**RAW DATA**
::::::::::

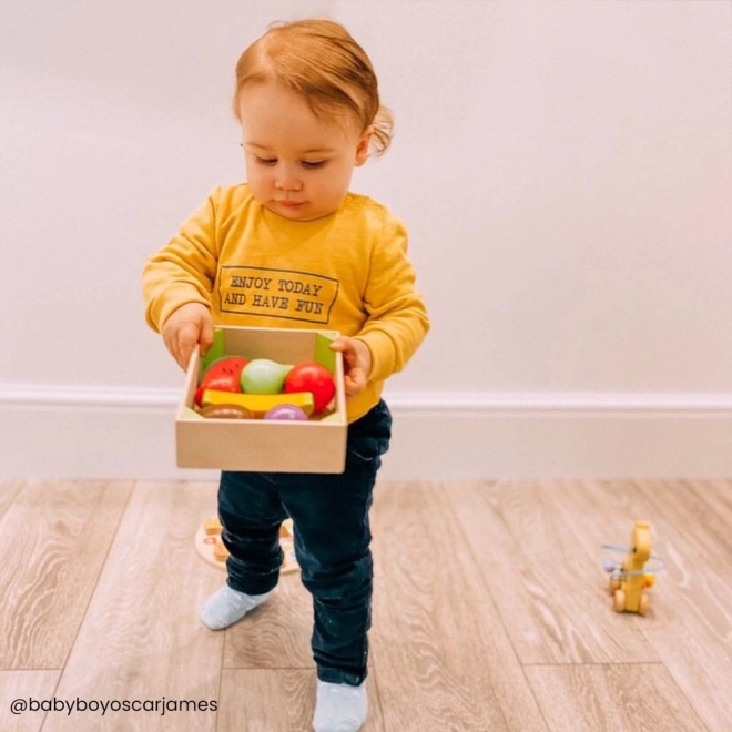 V tej škatli boste našli različno leseno sadje, kot so banane, jabolka, jagode ali hruške. Za otroke je to odlična igrača, ki jih ne le zabava, ampak jih tudi izobražuje o pomenu zdrave in uravnotežene prehrane. Igra je zasnovana za razvijanje fine motorike, pri igranju pa se otroci tudi naučijo, od kod prihaja njihova hrana in kako se pripravlja.
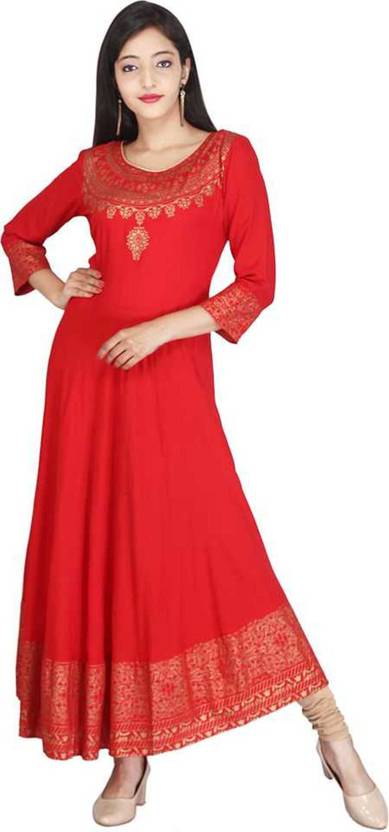 Eliza Women Printed Cotton Silk Anarkali Kurta (Red)
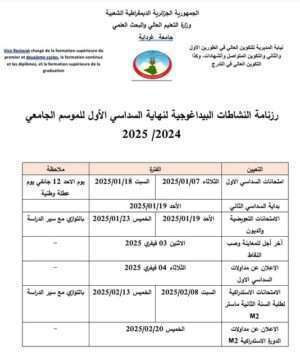 رزنامة النشاطات البيداغوجية لنهاية السداسي الأول للموسم الجامعي 2024/ 2025
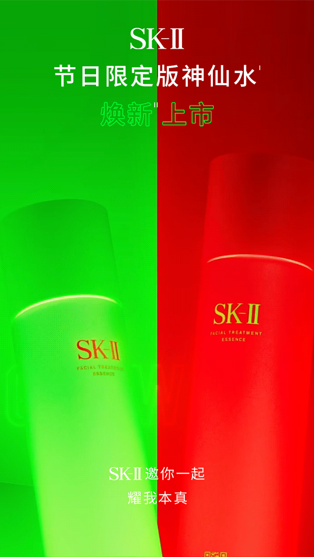 SK-II这次推出的节日限定版神仙水,在视觉设计来颠覆之前简洁的设计风格,大胆采用了亮眼的红配绿。

::::::::::

**PROMPT**
Write out, word for word, the line containing "Eliza Women Printed" and each line after it to the end of the data, and nothing more. Drop the pictures.

**WRITTEN RESPONSE**
 Eliza Women Printed Cotton Silk Anarkali Kurta (Red)
 رزنامة النشاطات البيداغوجية لنهاية السداسي الأول للموسم الجامعي 2024/ 2025
 SK-II这次推出的节日限定版神仙水,在视觉设计来颠覆之前简洁的设计风格,大胆采用了亮眼的红配绿。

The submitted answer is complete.